Extracted data entries
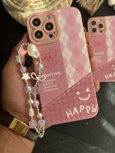 قاب موبایل آیفون پاپیون لبخند چهارخونه صورتی بندست ( بدون بند )
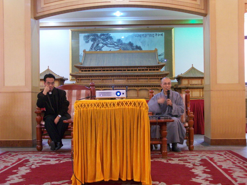 河北省佛学院教务长明影法师接待了神哲学院师生一行,并在指月楼客厅作了题为《佛教的天堂观》的演讲。他向师生们介绍了佛教的三界、六道、十二因缘……等佛教教义的基本内涵。神哲学院师生以热烈的掌声表达了感谢与敬意。
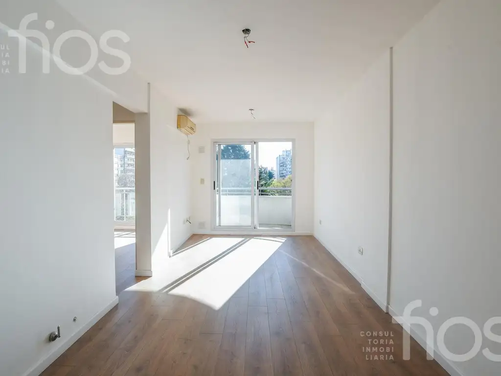 La unidad se sitúa en un séptimo piso al frente con orientación norte, lo que garantiza luminosidad natural durante gran parte del día y una ventilación cruzada muy eficiente. El ingreso conduce a un estar comedor funcional y confortable, con salida directa a un balcón corrido que ofrece vistas abiertas hacia Plaza López, generando una sensación de amplitud y contacto con el entorno. La cocina independiente se encuentra equipada con mobiliario completo, alacenas, bajo mesada y espacio previsto para lavarropas, además de ventilación natural.
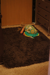 4:15- Gwyn has a diarrhea doo doo that gets on her clothing as I change her. Awesome. Once everything is cleaned, she bolts.
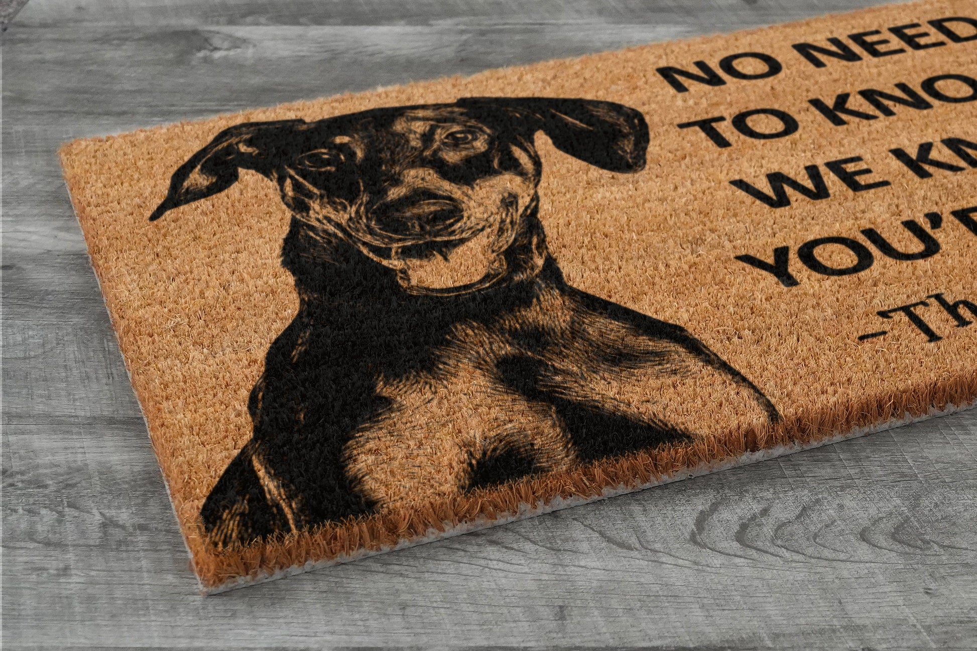 The Doberman Coir Door Mat, We Know You ARE Here The Doberman Door Mats, Funny Doberman Outdoor Doormat, Welcome The Doberman Mats
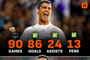 Livescore对比了C罗与姆佩巴两人加盟皇马前90场的数据:其中C罗打进84球24次助攻,主罚点球13次,而姆巴佩打进82球,贡献10助攻,罚点19次。

→ **Task**: Every line above is to be given again exactly, apart from the pictures.

→ **Solution to the problem**:
 قاب موبایل آیفون پاپیون لبخند چهارخونه صورتی بندست ( بدون بند )
 河北省佛学院教务长明影法师接待了神哲学院师生一行,并在指月楼客厅作了题为《佛教的天堂观》的演讲。他向师生们介绍了佛教的三界、六道、十二因缘……等佛教教义的基本内涵。神哲学院师生以热烈的掌声表达了感谢与敬意。
 La unidad se sitúa en un séptimo piso al frente con orientación norte, lo que garantiza luminosidad natural durante gran parte del día y una ventilación cruzada muy eficiente. El ingreso conduce a un estar comedor funcional y confortable, con salida directa a un balcón corrido que ofrece vistas abiertas hacia Plaza López, generando una sensación de amplitud y contacto con el entorno. La cocina independiente se encuentra equipada con mobiliario completo, alacenas, bajo mesada y espacio previsto para lavarropas, además de ventilación natural.
 4:15- Gwyn has a diarrhea doo doo that gets on her clothing as I change her. Awesome. Once everything is cleaned, she bolts.
 The Doberman Coir Door Mat, We Know You ARE Here The Doberman Door Mats, Funny Doberman Outdoor Doormat, Welcome The Doberman Mats
 Livescore对比了C罗与姆佩巴两人加盟皇马前90场的数据:其中C罗打进84球24次助攻,主罚点球13次,而姆巴佩打进82球,贡献10助攻,罚点19次。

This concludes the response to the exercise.